— Это вдова и брат погибшего Сейфуллина, — представил их Силов вошедшему к нему в кабинет Саматову.
— Мы знакомы, — кивнул Тура.
— Значит, вы уверены, что одно из этих ружей действительно принадлежало вашему брату… — уточнил Силов.
— Да, — не очень уверенно сказал Сейфуллин-брат.
— И вы его опознали…
— Вот это, — Сейфуллин показал на одно из ружей.
— У вас нет сомнений? Это действительно оно?
— Я его сразу узнал! «Тулка», ремень плетеный… Мне расписаться?
— Да… И вы тоже!
Понятые с опаской поставили свои подписи, осторожно удалились.
Силов продолжал докапываться до сути:
— Он его в магазине купил?
— По-моему, с рук… — Сейфуллин посмотрел на вдову. Та закрыла глаза, откинулась к спинке стула.
— Сейчас я вас отпущу, — сказал Силов. — Давно он его приобрел?
— Года два назад…
— И часто им пользовался?
— Нечасто… — промычал брат Сейфуллина. — Но бывало…
— И все на качкалдаков? Один? Или тоже с Баларгимовым?
Родственники молчали, не зная, что ответить.
— Мы допросили соседей, знакомых… Никто ничего не слышал о нем как об охотнике… Главное, в доме у вас нет боеприпасов…
Сейфуллина показала рукой, что ей плохо. Силов поднялся, налил из графина воды, поставил перед вдовой.
— Похоже, вы тоже впервые слышите об охоте… — Сейфуллин потом помог вдове брата подняться.
— Как же все-таки вы жили? — Силов проводил их до двери. — На вашу зарплату воспитательницы? Муж нигде не работал… Машину приобрел, мотоцикл…
Они уже собирались уходить, когда Силов спросил:
— Он иногда предлагал осетрину соседям… Иногда икру… Он, случайно, не браконьерствовал?
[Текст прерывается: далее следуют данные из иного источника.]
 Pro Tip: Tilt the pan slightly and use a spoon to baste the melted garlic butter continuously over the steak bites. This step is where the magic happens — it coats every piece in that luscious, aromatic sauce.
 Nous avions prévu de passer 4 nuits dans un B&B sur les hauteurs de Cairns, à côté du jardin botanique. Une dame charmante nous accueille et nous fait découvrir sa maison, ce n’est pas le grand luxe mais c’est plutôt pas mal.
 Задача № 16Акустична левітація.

— Нет, нет… — Сейфуллина пошатнулась. — Мне плохо…
Сейфуллины вышли.
Когда дверь за ними закрылась, Силов положил руку на ружье, которое брат Сейфуллина опознал.
— Это, действительно, ружье, поднятое со дна. И из него, действительно, убит Сейфуллин. И по справке, которую дали Буракову, оно ему и принадлежит… Только справка эта липовая. В действительности оно числится за другим охотником. Они все врут! Никакой охоты не было. Ты видел судимости Баларгимова? Начиная с неподчинения патрулю и кончая разбоем. Его дважды подозревали в убийствах и дважды выпускали ввиду недостаточности доказательств. Буракову надо было с самого начала взять его под стражу.
Тура спросил:
— Известно, кому принадлежало раньше ружье?
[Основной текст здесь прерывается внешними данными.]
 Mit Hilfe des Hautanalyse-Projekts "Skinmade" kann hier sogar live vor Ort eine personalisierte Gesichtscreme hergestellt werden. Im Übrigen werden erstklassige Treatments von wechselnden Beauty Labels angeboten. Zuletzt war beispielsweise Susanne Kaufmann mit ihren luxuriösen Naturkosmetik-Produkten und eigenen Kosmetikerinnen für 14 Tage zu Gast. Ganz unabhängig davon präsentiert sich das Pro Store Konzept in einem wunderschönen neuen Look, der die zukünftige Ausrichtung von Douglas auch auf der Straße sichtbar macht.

— Да! Он работает в «Металлоремонте» на базаре. Григорий Макаров… Там у него своя будка.
Тура и Силов шли по скучному, почти пустому базару.
Только в одном месте, где торговали шашлыком и варили плов, толпился народ.
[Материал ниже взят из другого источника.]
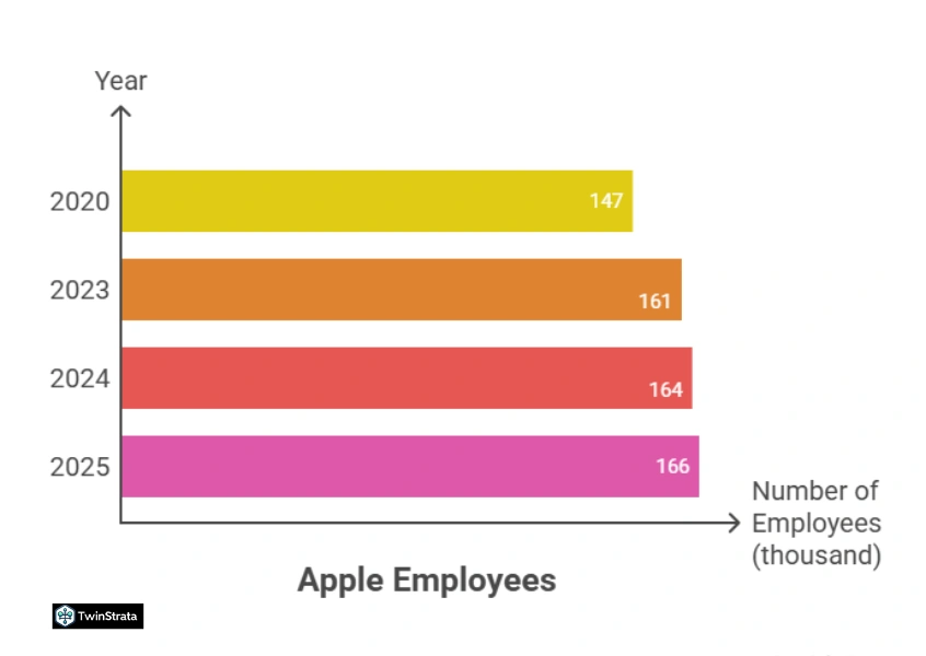 166,000 employees in 2025. You network via LinkedIn for Cupertino jobs. H-1B median salary: $165,000.

Здесь висели зимние дыни в плетеных корзинах, на прилавках лежала курага, кишмиш.
Продавцы были узбеки. Сбоку стояло несколько рефрижераторов со знакомыми обоим — Туре и Силову — государственными номерами.
— О-о! — удивился Силов. — Мы почти дома!
Один из продавцов увидел Туру, оставил дела, с широко раскрытыми для традиционного объятия руками двинулся навстречу.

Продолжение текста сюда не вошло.